I'm trying out a small example to practice the concepts of inheritance, and polymorphism. Here is a simplified version of my code:
class Shape {
protected:
int length;
int width;
public:
virtual void setLength(int l) = 0;
virtual void setWidth(int w) = 0;
};
class Rectangle : public Shape {
public:
Rectangle(int l, int w)
: length(l), width(w)
{ }
void setWidth(int w) { width = w; }
void setLength(int l) { length = l; }
};
int main() {
Rectangle r(0,0);
}
I'm trying to run the above program. However, when I compile rectangle.cc, I get the following error
g++ -c rectangle.cc
rectangle.cc: In constructor 'Rectangle::Rectangle(int, int)':
rectangle.cc:13:5: error: class 'Rectangle' does not have any field named 'length'
rectangle.cc:13:16: error: class 'Rectangle' does not have any field named 'width'
To my understanding, in public inheritance, protected members of the base class become protected members of the derived class and should be able to e accessed like public members. Is that incorrect? Also, how would the code then need to be modified if length and width were private members of the base class?
To my understanding, in public inheritance, protected members of the base class become protected members of the derived class and should be able to e accessed like public members. Is that incorrect?
This is mostly true. Public and protected members of base classes are accessible in derived classes (public
inheritance doesn't matter here - that only affects outside observers' access). However, class members (of any access) can only be initialized in their own class. In this case, only Shape
can initialize length
and width
- it doesn't matter that they're protected
, the same would be true if they were public
or private
.
You would have to add a constructor to do this, which your Rectangle
constructor could simply delegate to. This works regardless of the access control of length
and width
(as long as the Shape
constructor is public
or protected
):
struct Shape {
Shape(int l, int w) : length(l), width(w) { }
};
struct Rectangle {
Rectangle(int l, int w) : Shape(l, w) { }
};
Or, for completeness, you could just assign them, but definitely prefer to have Shape
initialize them.
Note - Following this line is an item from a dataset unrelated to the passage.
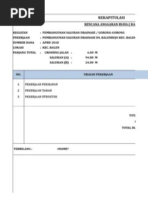 1) contoh perhitungan hps pembuatan saluran irigasi. Salah satu alternatif adalah saluran drainase dari beton pracetak u ditch. Inspirasi 24+ cara menghitung volume drainase trapesium, volume pondasi. Cara menghitung plesteran drainase, contoh rab drainase excel,. Cara menghitung volume pondasi dan rab beserta contoh. Cara menghitung volume drainase pasangan batu trapesium tidak jauh berbeda dengan . Contoh rencana anggaran biaya pembuatan drainase. Rab meggunakan analisa sni 2010. Demikian contoh perhitungan pondasi batu kali, semoga bermanfaat. Menyusun rencana anggaran biaya rehabilitasi; Menghitung volume pekerjaan pasangan batu cara buat rab drainase beton . Pengendalian banjir pada dasarnya dapat dilakukan dengan berbagai cara, namun yang lebih penting adalah pertimbangan secara keseluruhan dan dicari sistem yang. Pembuatan ded rehabilitasi dan perhitungan volume (boq) serta rab untuk .

Additionally, this only works if the members in question are public
or protected
:
Rectangle(int l, int w) {
length = l;
width = w;
}
Note that your setWidth()
and setLength()
functions are fine - you do have access to those protected members in Rectangle
's member functions. Just not for initialization.
No, protected members of the base class do not become protected members of the derived class. Protected members of the base class are accessible by the derived class, unlike private members, and they remain protected, in the derived class's namespace (so the same thing applies to the derived class of the derived class, and so on).
But protected members of the base class are still members of the base class, and the base class's constructor is still responsible for constructing them, not the derived class's constructor.